With his wife Zelda in an asylum (always hoping that today will be the day her doctors allow her to go home) and his daughter Scottie starting college, F. Scott Fitzgerald heads out west, out to Hollywood where he’ll try his hand at writing scripts. Initially, things look great: he’s getting work done, he’s being paid, and he’s got a novel in the works. Then the project he’s working on goes bust, new writers are brought in, and he finds himself falling down a seemingly endless hole. In the beginning it’s always promising: he’ll write some scenes and work on re-writes from the director’s notes (more often than not this turns into a total upheaval of Fitzgerald’s original script). Then, out of nowhere, he’ll find he’s been replaced by a different writer. Rinse, repeat.

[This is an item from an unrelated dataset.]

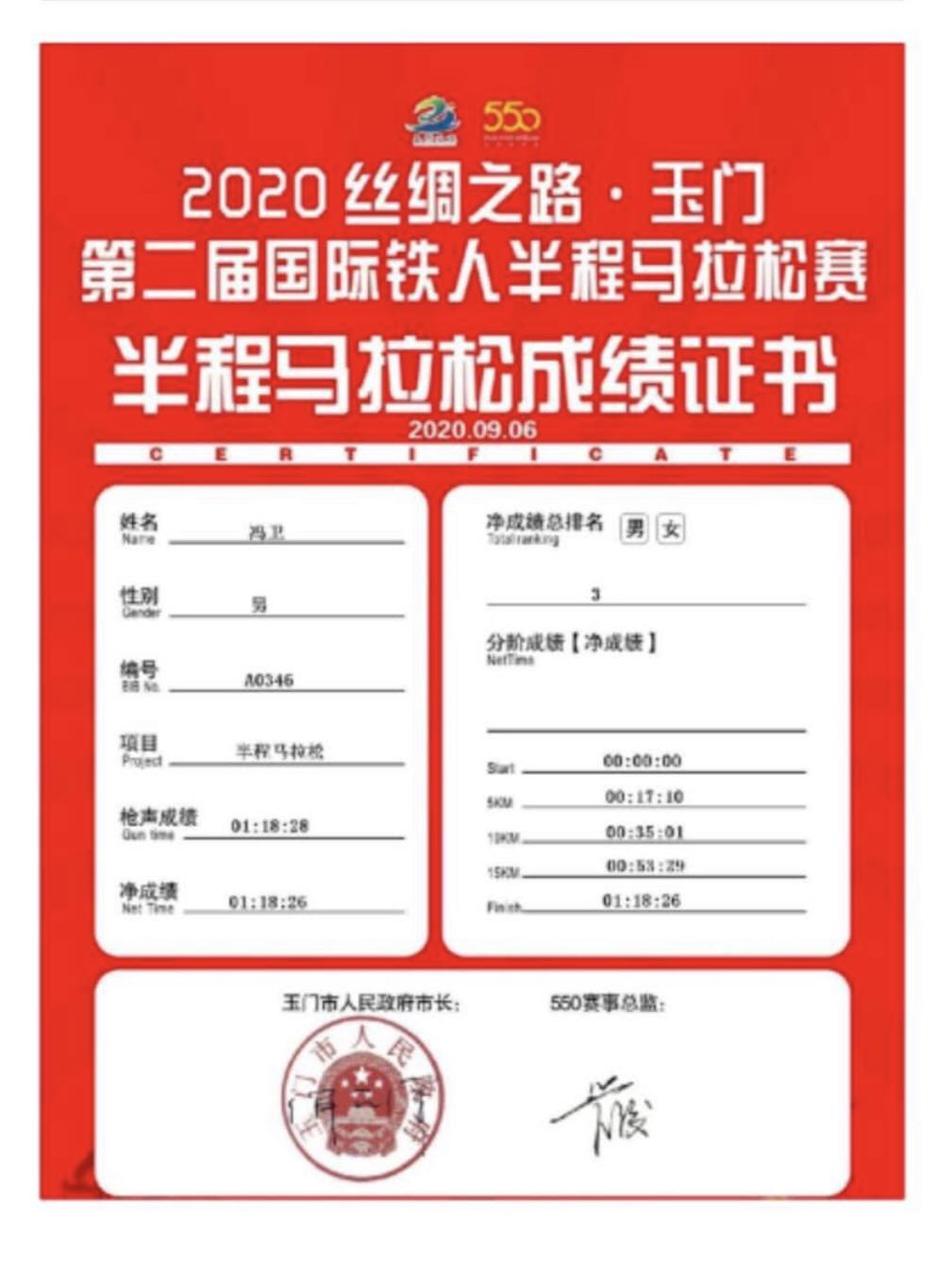 由甘肃省体育局、玉门市人民政府主办,玉门市文体广电和旅游局、玉门市体育中心、玉门市委直属机关工委承办,戈友文化传媒(上海)有限公司运营的2020丝绸之路.玉门第二届国际铁人半程马拉松赛于9月6日在玉门市政广场鸣枪开赛,有来自全国19个省份,60多个城市,共计5000名专业马拉松选手参加本次比赛,beat365运动训练专业2018级冯卫同学,在比赛中不畏强手,最终以1小时18分26秒获得男子组第三名的好成绩,为我校争得了荣誉!
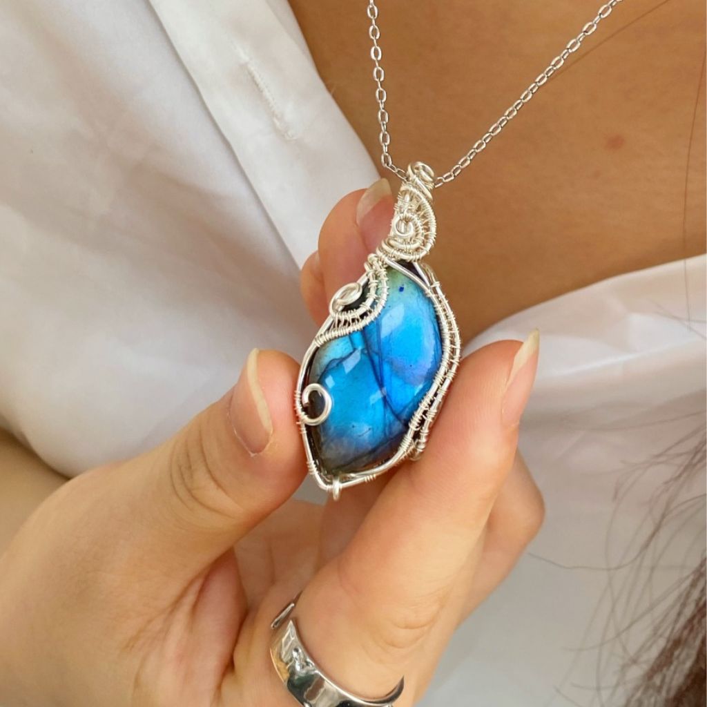 Meet your new energy companion—our Handcrafted Labradorite Crystal Necklace. Meticulously wrapped by skilled artisans using sacred copper wire, each necklace is uniquely designed to help you:

While in Hollywood, Fitzgerald meets – and begins a relationship with – Sheilah Graham, a gossip columnist. The two carry on their relationship (although Fitzgerald is still married to Zelda) throughout his years in Hollywood (in the end Sheilah takes on more of a caretaker role than that of a girlfriend) and it’s in her apartment that he ultimately has a fatal heart attack.
Today Fitzgerald is widely considered to be one of the greatest writers, not just of the 20th Century, but ever. Period. During his life, however, his novels simply weren’t highly regarded. Sure, they sold, but they weren’t the defining works of literature that they are today. It’s heartbreaking how authors (or painters, musicians, etc etc) don’t receive the recognition they deserve until long after their death. Throughout the novel I kept thinking of another favorite writer: Poe. They had very parallel lives: heavy – heavy drinking, a constant struggle to make money, genius that wasn’t celebrated until after their death.
Although West of Sunset was a bit of a downer (okay, so maybe more than a bit), it wasn’t all sad. Dorothy Parker plays a fairly huge role in this novel and was always ready with a quip or snarky jab. Also, this book reads like a Who’s Who of Hollywood. Humphrey Bogart is another large character and O’Nan doesn’t skimp on the name-dropping! Clearly you can’t have a novel about Fitzgerald without Papa himself, but I was a little disheartened to see Hemingway wasn’t around as much as I had hoped – though that’s clearly a Me issue; the novel isn’t about Hemingway, it’s about Fitzgerald, but I wanted more. There can never be enough Papa!
A few early reviews I read mentioned how dry West of Sunset felt. Personally, I didn’t share their sentiment. This novel reads like a novel, not a massive biography. Stewart O’Nan certainly did extensive research and it definitely shows, but at no point did I ever feel it was too much. I never felt like I was reading anything other than a richly detailed novel.
When all is said and done, West of Sunset tells a story that’s rarely revealed. It pulls back the shining veneer of flappers and bathtub gin and shows the end result: F. Scott Fitzgerald as an alcoholic in his 40s, making feeble attempts to gain the fame he lost. Gone are the glory days of all-night parties. Now he has a wife in an asylum, a daughter heading off to college, and no source of income. This isn’t how I’d like to remember or think of Fitzgerald, but this was one hell of a novel. Also, I had no idea he was a scriptwriter for Gone With the Wind!